5-HEDH functions as a highly specific oxidizer of 5(S)-HETE to 5-oxo-ETE; no functional importance has yet been ascribed to its ability in similarly oxidizing other 5(S)-hydroxyl fatty acids. 5-Oxo-ETE stimulates a wide range of biological activities far more potently and powerfully than 5(S)-HETE. For example, it is 30–100-fold more potent in stimulating cells that promote inflammation and allergy reactions such as neutrophils, monocytes, macrophages, eosinophils, and basophils and is more potent than 5-HETE in stimulating various types of cancer cells to grow.
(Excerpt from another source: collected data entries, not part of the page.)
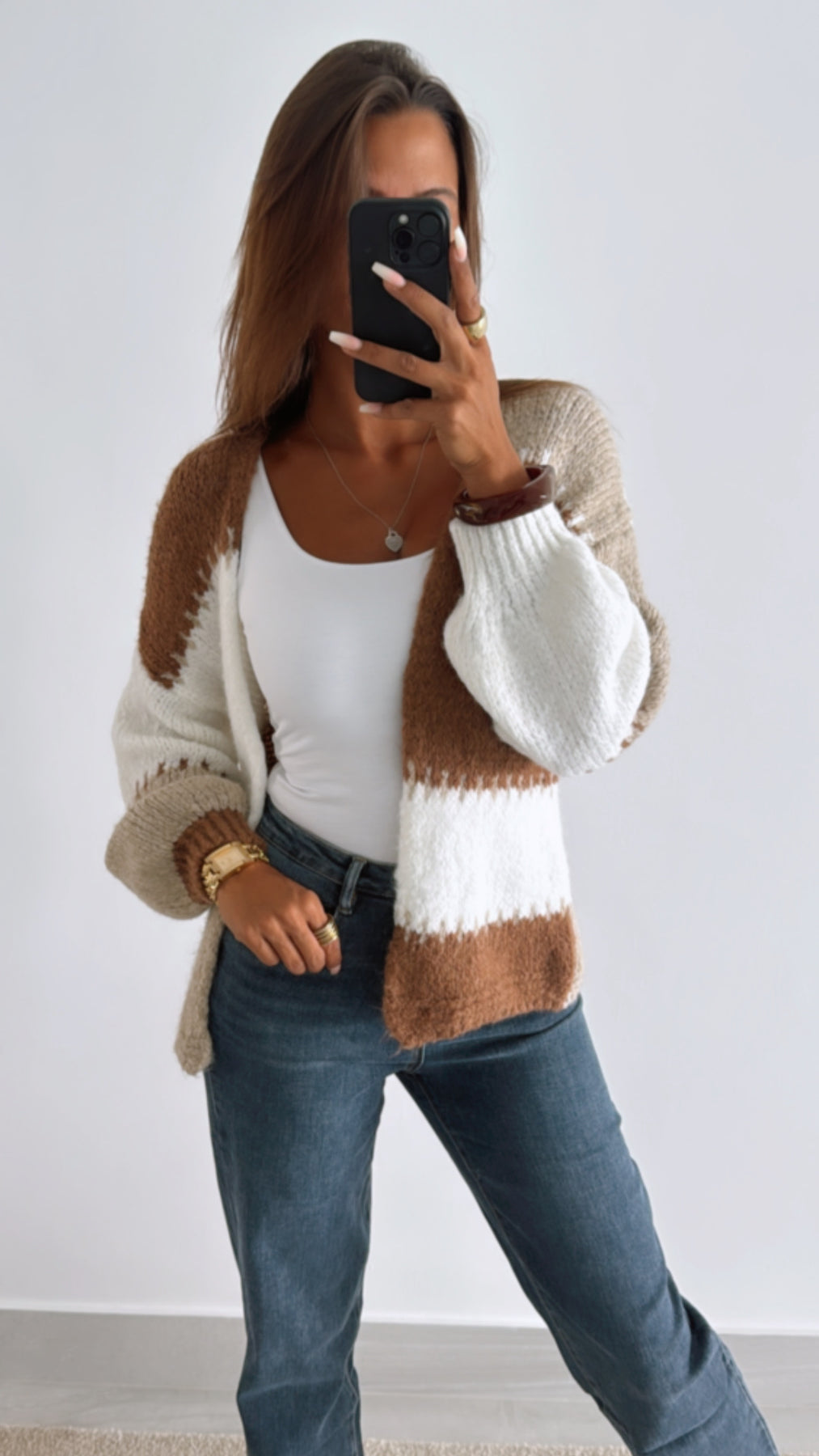 kurzer, mehrfarbiger Strick Cardigan / camel braun - weiss - beige Art. 11056
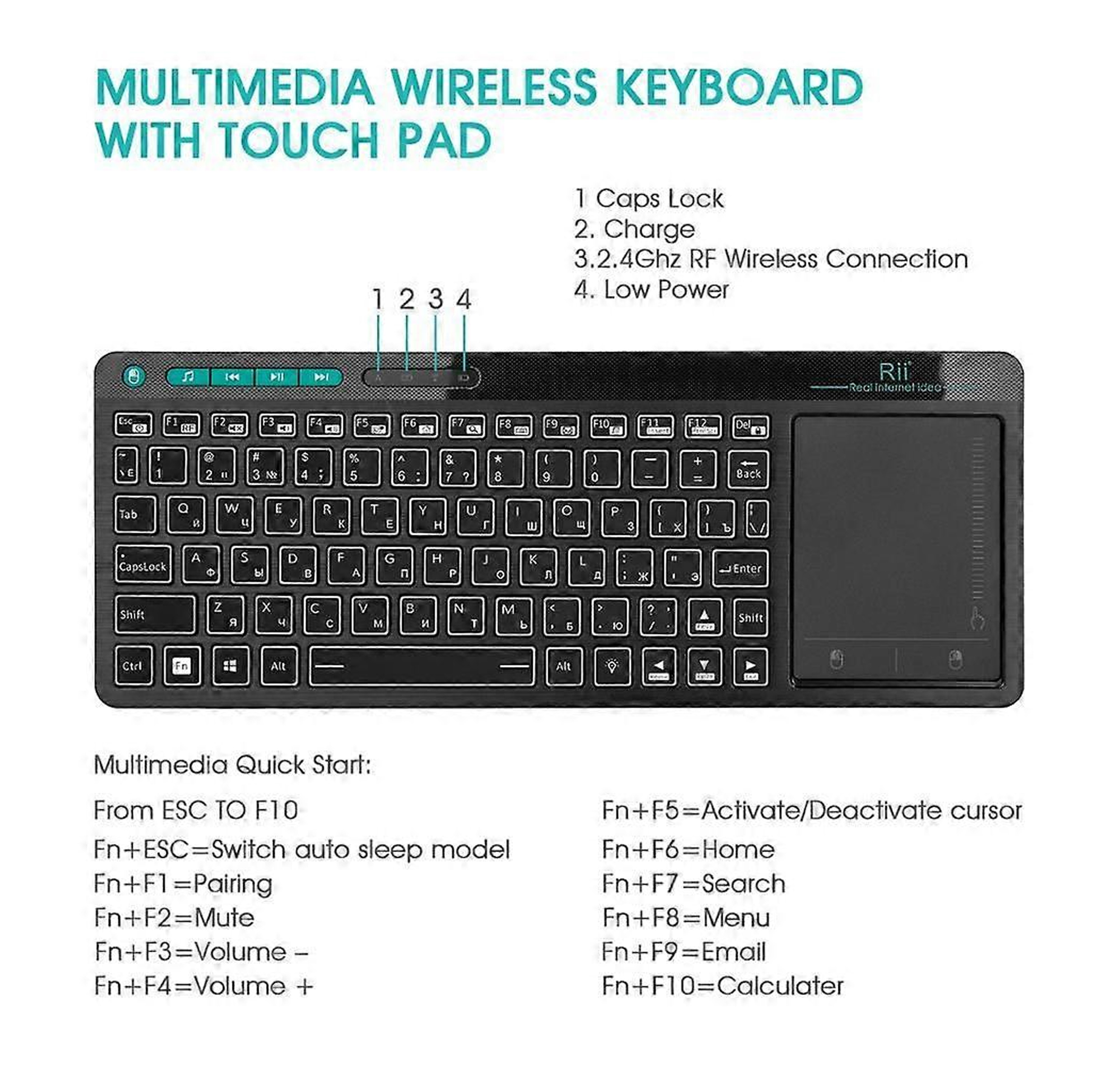 Clavier Rii K18S avec Souris Tactile, (AZERTY), Sans Fil (Bluetooth & 2.4 GHz), Batterie Li-ION,
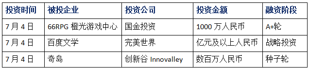 7月4日,完美世界正式宣布对百度文学注资并实现控股。并表示,百度与完美世界将以文学为连接点,在文学业务、版权业务、影游投资开发、影游产业链联动等方面展开深度合作,具体金额未公布。

Furthermore, 5-oxo-ETE appears to be involved in various animal and human reactions: injected into the skin of rabbits, it causes a severe edema with an inflammatory cell infiltrate resembling an urticaria-like lesion;[13] it is present in bronchoalveolar lavage fluid from cats undergoing experimentally induced asthma;[14] it stimulates the local accumulation of eosinophils, neutrophils, and monocytes when injected into the skin of humans;[15] and it has been extracted from scales of psoriatic patients.[16] Most if not all of these allergic and inflammatory conditions as well as rapidly growing cancerous lesions are associated with oxidative stress.[17] Studies therefore suggest that 5-HEDH contributes to the development and progression of these reactions and diseases by being responsible for generating 5-oxo-ETE.[18][19] It also possible that the cells involved in these pathological states favor the reversed action of 5-HEDH, conversion of 5-oxo-ETE to 5(S)-HETE, as a consequence of reductions in oxidative stress and thereby NADP+/NADPH ratios; such cells might then actually "detoxify" 5-oxo-ETE and contribute to resolving the pathological states.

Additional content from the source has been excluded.